Article updated February 9, 2018
On a regular basis, EMS providers come in close contact with patients who are harboring some form of infectious process or communicable disease. Conditions range from the common cold to far more serious issues such as meningitis, tuberculosis, staph infections and hepatitis.
In 1998, the U.S. Centers for Disease Control and Prevention identified EMS providers as being at risk for receiving or transmitting infections from patients, other healthcare professionals, and other community contacts.[i] In one national study of paramedics, 22 percent of respondents reported at least one blood exposure in the previous year.[ii] Even more ominously, only 72 percent of needlestick exposures, 29 percent of exposure to broken skin, and 49 percent of all exposures were reported by paramedics.[iii]
There are simple infection control guidelines and work practices that can greatly reduce the chances of becoming infected by a patient encounter.
Be alert to potential exposures
Universal precautions mean exactly that. Since many diseases have a “prodromal” period where the carrier is contagious, but doesn’t show significant outward signs of the disease, one has to assume that any patient has the potential to carry a communicable disease.

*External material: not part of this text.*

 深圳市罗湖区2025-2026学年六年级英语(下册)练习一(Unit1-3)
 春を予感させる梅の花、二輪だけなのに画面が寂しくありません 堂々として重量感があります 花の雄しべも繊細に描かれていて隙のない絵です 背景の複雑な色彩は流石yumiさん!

Additionally, there are several signs and symptoms that could signal a possible infectious process. EMS providers should pay attention to any of the general findings during the patient assessment:
- Fever, chills, or general body aches and discomfort
- Coughing or sneezing
- Vomiting or diarrhea
- Recent history of increasing weakness and general malaise
- Open or weeping wounds
- Recent trip overseas
Based on what you find, you might increase the level of personal protective equipment (PPE). For example, wearing a HEPA filtration mask while managing a patient with a severe cough or headache will reduce your chances of contracting airborne diseases such as tuberculosis or meningitis.

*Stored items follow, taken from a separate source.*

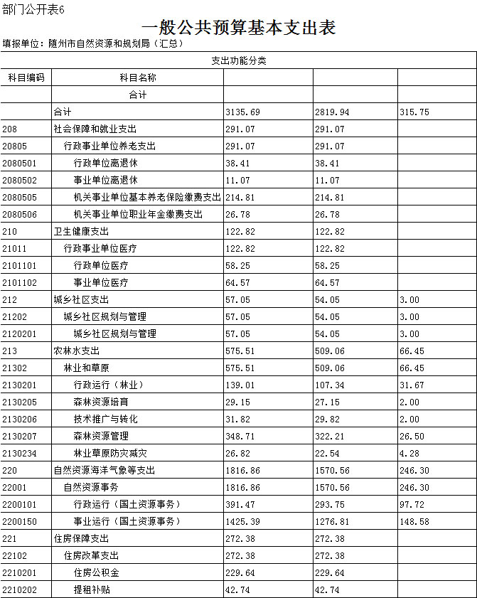 第三部分 ?隨州市自然資源和規劃局2020年部門預算表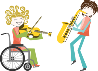 Illustration of a woman in a wheelchair playing a violin duet with a man standing with a saxophone, smiling, on a transparent background in PNG format
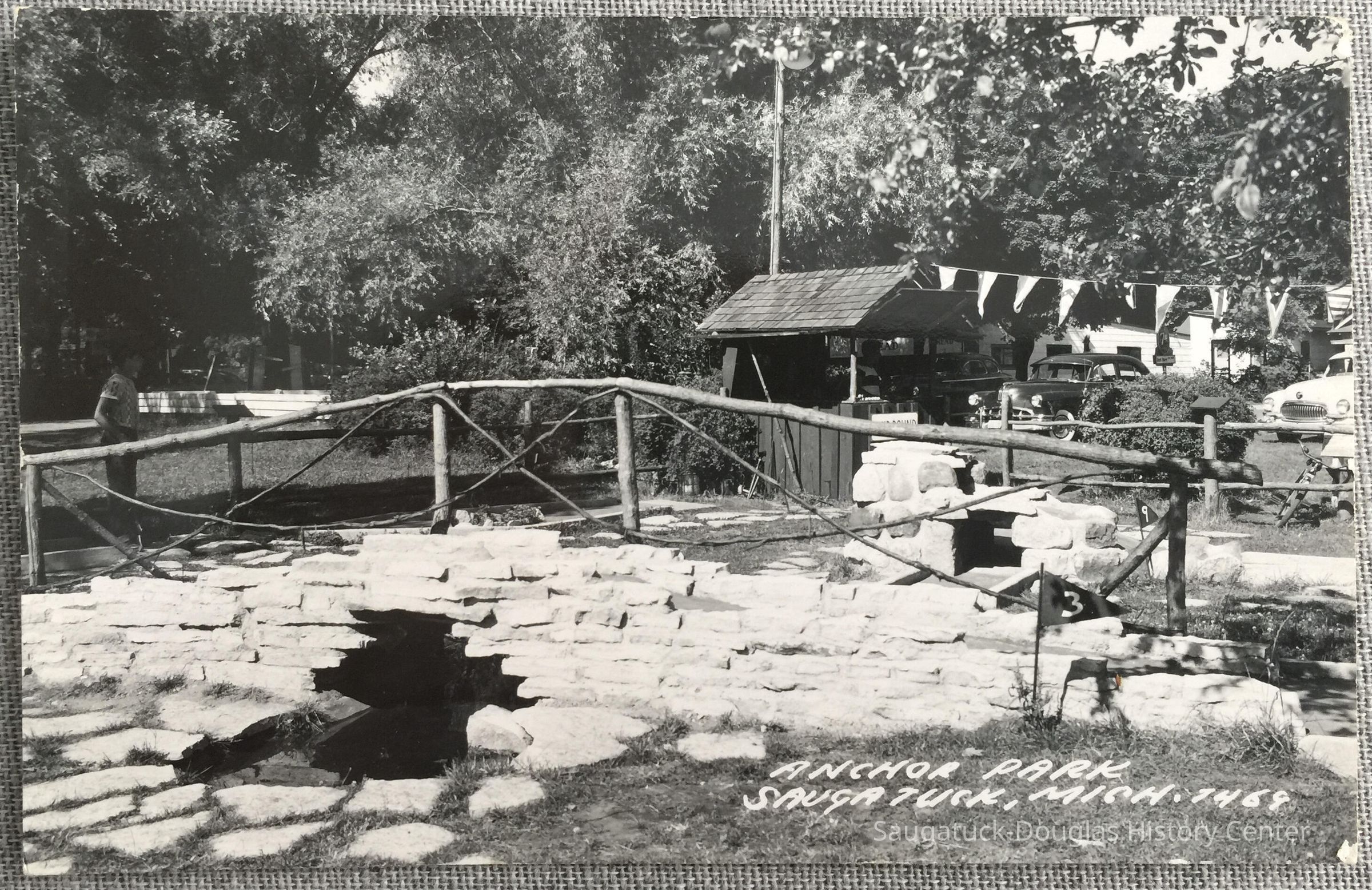 Real black and white photo card of a stone bridge or culvert with a rustic, log railing. A small triangular flag with a "3" and another with a "9" suggests the place is a miniature golf course. A small stand with more pennant flags are beyond the bridge along with two parked cars. A boy stands on the bridge in the left of the image.

Maintain your immunizations
While there is ongoing public concern about childhood vaccinations, studies show that immunizations have reduced the frequency of diseases that used to kill people, such as rubella, diphtheria, polio, smallpox, measles, and Haemophilus influenzae type B (Hib).[iv], [v]
Make sure your immunizations are up to date. Most paramedic students (and an increasing number of EMT students) now have to show proof of immunizations against childhood diseases as a requirement to enter clinical arenas. Your employer likely requires you to have certain immunizations as an employment practice.
Wash your hands
No doubt, at some point as a child your parents admonished you to wash your hands before eating. Turns out they were right!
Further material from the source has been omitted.